Capping the quarter was ConocoPhillips’ late September move to solidify its position as a leading Permian producer by acquiring Shell’s position in the Delaware Basin for $9.5 billion, a deal that moved Conoco into second place for total Permian production.
In contrast with all the other large deals from the last 12 months that involved buying a company using equity, Conoco paid cash in this asset deal. Combined with a few more modest sized deals, the acquisition drove $12 billion in total Permian M&A in Q3, with the basin easily retaining its top position as most active for deals and most competitive for acreage.
While Shell’s sale was the most prominent example, there was a broader uptick in asset deals collectively. The boost in asset sales is a natural outgrowth of corporate consolidation as buyers comb through their expanded portfolios and find assets that don’t fit their development plans. These assets, which often fall outside the core development areas for public companies, create opportunities for private equity investors. Privately funded buyers increased their share of acquisitions to about one-fifth by value.
“Private equity still has dry powder for deals,” stated Dittmar. “They are using this to target assets being tagged as non-core by public companies. Once you step out of the core of the Permian Basin and a few other key areas, competition for deals drops, and these positions are often available at buyer-friendly price points. That said, private equity is still a net seller in the space and likely to remain so for the foreseeable future given the number of investments outstanding and how long that capital has been deployed.”
A few other private equity investments found satisfactory conclusions in Q3. That includes Blackstone-backed Primexx Energy Partners, which sold its position in the Delaware Basin to Callon Petroleum for nearly $800 million. Like nearly all other recent private equity exits, the deal included a healthy dose of buyer equity to the sellers. With tailwinds from strong stock price performance for public E&Ps, that has been an additional source of value for sellers as shares have generally appreciated in value after the deals close.
One exit option that hasn’t been broadly pursued by private companies is an IPO; the lone new public upstream E&P, Vine Energy which went public last March, ended its short-lived run as a standalone public company when it agreed to be acquired by Chesapeake Energy for $2.2 billion in the largest corporate deal of Q3.
The acquisition enhanced Chesapeake’s holdings in the Haynesville play as part of its shift toward natural gas. The Haynesville is seen by producers as having more room to grow relative to Appalachia because of its infrastructure. While Chesapeake already had exposure in both plays, other companies that are only in Appalachia may look to add a Haynesville position, like Southwestern did last quarter.

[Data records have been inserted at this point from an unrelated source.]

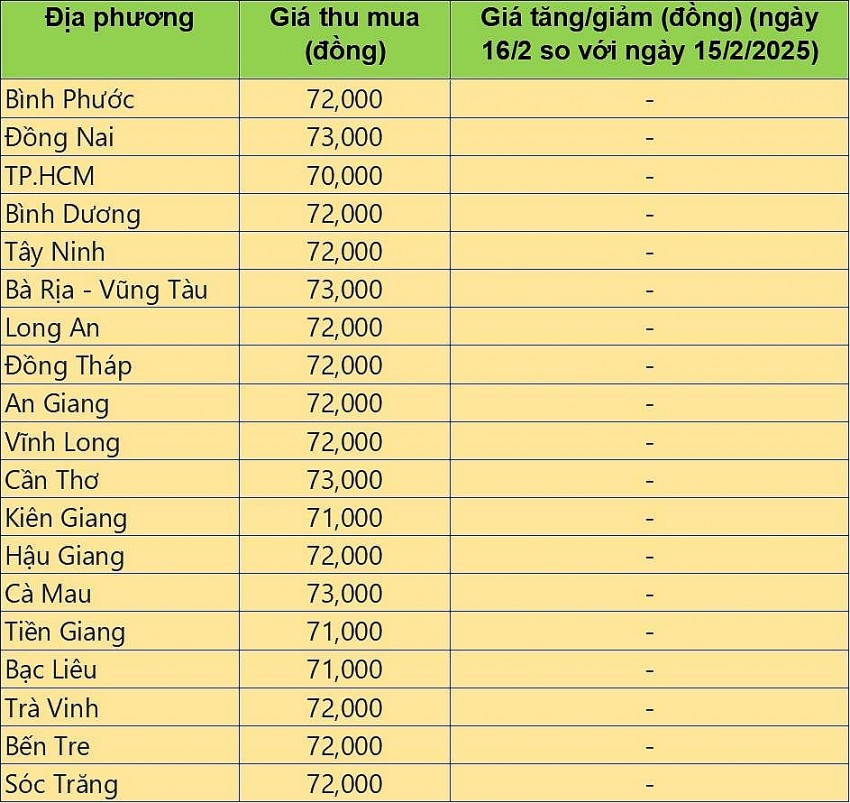 Tương tự với 2 khu vực trên, giá heo hơi tại khu vực miền Nam hôm nay (16/2/2025) ghi nhận chững lại khi ngày hôm qua có sự tăng mạnh tại các tỉnh thành.
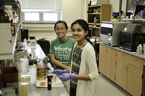 Lee also reports that Hebbar has been an asset to the lab. “As an experimental biophysics lab, we carry out procedures that are very hands-on and can be learned fairly easily. I show Neha how to do an experiment and then have her carry it out, so a lot of the progress on my project actually has been made by her.”
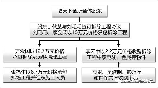 1.改建裝修工程承包情況。2016年12月,唱天下會所決定加盟使用“唯尚(V-SONG)”品牌[①]并進(jìn)行改建裝修。2017年1月5日,唱天下會所股東丁伙芝與江西聚合文化發(fā)展有限公司[②]股東杜波分別簽訂“品牌許可使用合同書”、“KTV前期籌劃合同書”、“KTV項目委托管理合同書”及“裝修設(shè)計合同”,約定唱天下會所必須按“唯尚(V-SONG)”品牌的裝修風(fēng)格進(jìn)行標(biāo)準(zhǔn)化裝修,裝修設(shè)計費(fèi)用30萬元(唱天下會所已預(yù)付10萬元)。同年2月15日,唱天下會所會議確定由股東丁伙芝負(fù)責(zé)財務(wù)及改建裝修工程相關(guān)協(xié)調(diào)事項,股東丁輝輝、田歡歡、涂宇亮負(fù)責(zé)改建裝修工程行政審批相關(guān)事項。同時在丁光榮[③]的極力推薦和勸說下,唱天下會所確定將改建裝修工程中的拆除工程由劉毛毛、廖會榮[④]以15萬元價格承包,并簽訂“KTV拆除協(xié)議”,約定將唱天下會所拆除至原始框架結(jié)構(gòu)。
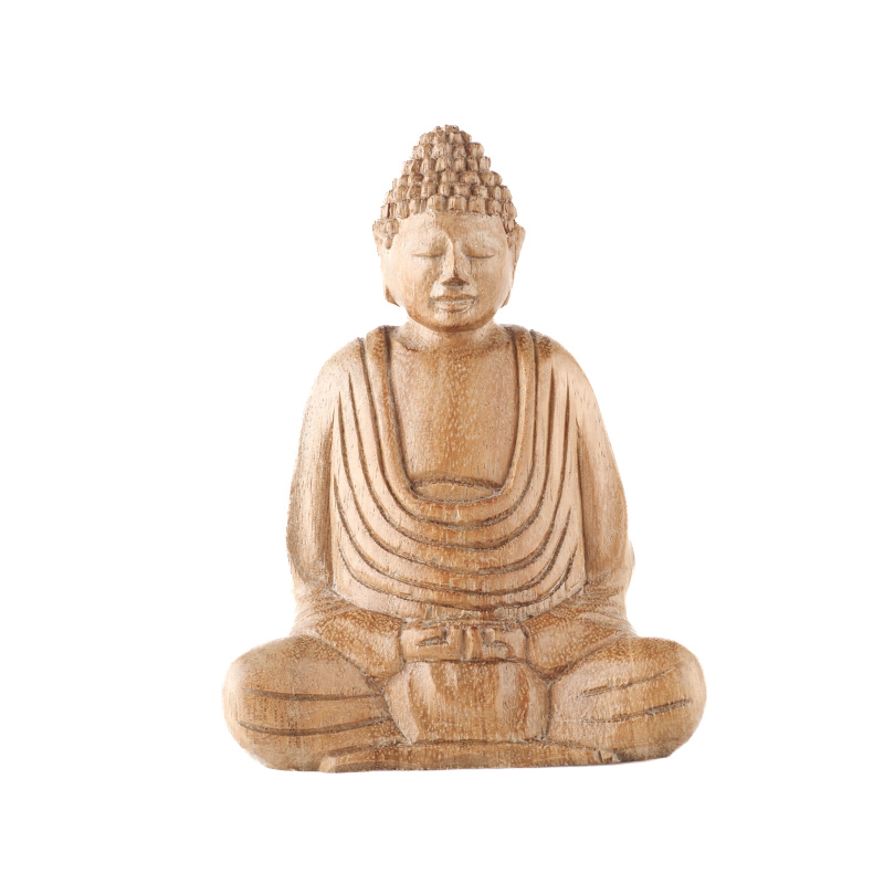 Dřevěné sochy Buddhy zaujímají v buddhistickém umění zvláštní místo. Vyřezané ze štědrosti přírody vyzařují teplo a klid. Forma soch, držení těla a gesta rukou, znamé jako mudry, mají specifické významy. Pozice vsedě se složenýma nohama (padmasana) je základní meditační polohou a vyjadřuje vnitřní mír a osvícení. Symbolickou váhu má i samotný materiál - dřevo. V mnoha kulturách představuje růst, transformaci a spojení s přírodou. Přirozené nedokonalosti dodávají každé soše charakter a osobitost.
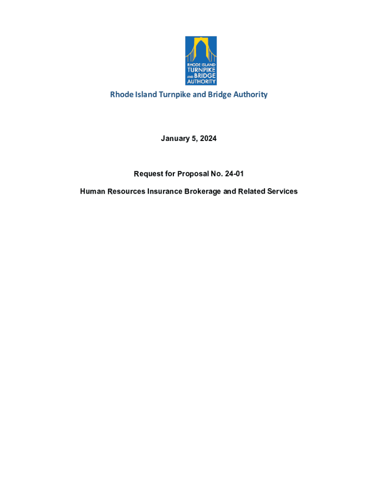 Rhode Island Turnpike and Bridge AuthorityJanuary 5, 2024Request for Proposal No. 2401 Human Resources Insurance Brokerage and Related ServicesINTRODUCTION The Rhode Island Turnpike & Bridge Authority
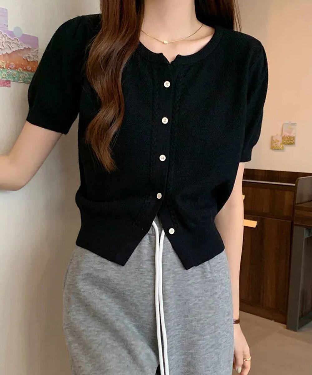 レディース ニットトップス ショート丈 クールネック 薄手 半袖 サマーカーディガン カジュアル オフィス おしゃれ
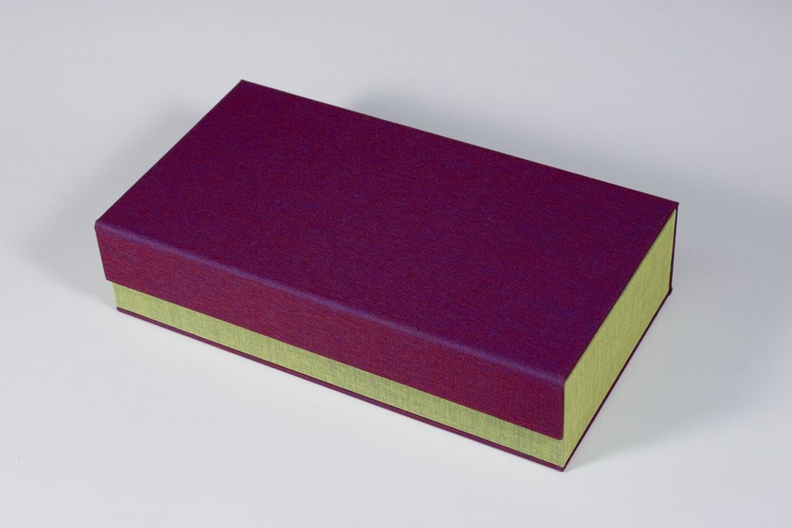 Sie sind mit Einbandleinen bezogen und von außen ein- oder zweifarbig, innen kann eine dritte Farbe hinzukommen.
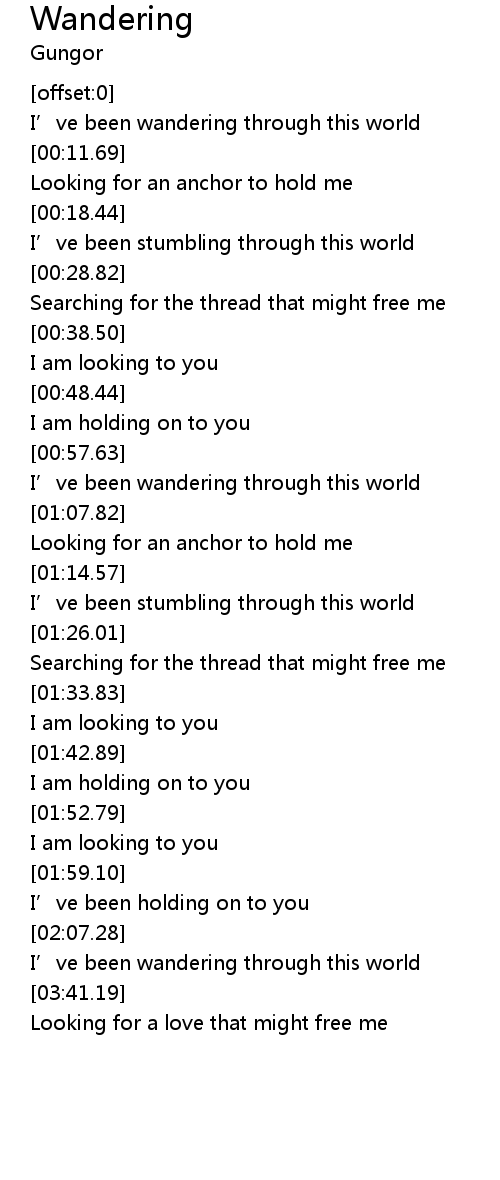 | [03:36.94] | I’ve been wandering through this world |
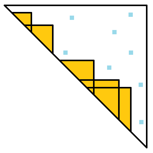 - (经典问题)(给定 个数,选出一些使和 且最大):先随意贪心选,问题转化为有正数和负数的情况,且剩余容量 。这时存在一个容易 dp 的生成方式且可以保证时刻和 : 表示考虑前 个正的,前 个负的,能否达到和 。易做到 。考虑使用判定性转最优化技巧, 表示前 个负的,和为 ,最小要考虑前几个正的可以达到。看似选正的转移需要再 1D,但实际上对于固定的 ,选第 个正的只需要在最小的 满足 处转移即可。也可以理解为 按 切片,每片的 都是右下一个阶梯形的部分,而转移只需使用阶梯的“边界”部分即可。。
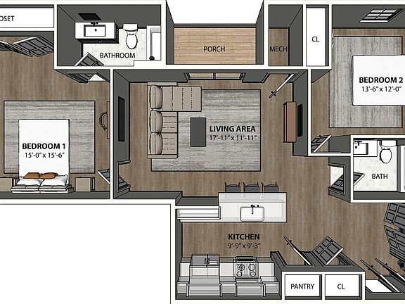 - Bedrooms: 2

“There are still opportunities for public company consolidation as well as potential private sellers looking to capitalize on price levels for both gas and oil not seen in years,” concluded Dittmar. “But the sense of urgency seems to have left the deal market. Through the end of the year, we are likely to see mostly smaller sized asset deals as companies trim their portfolios with the chance of an occasional larger public company merger or private E&P sale.”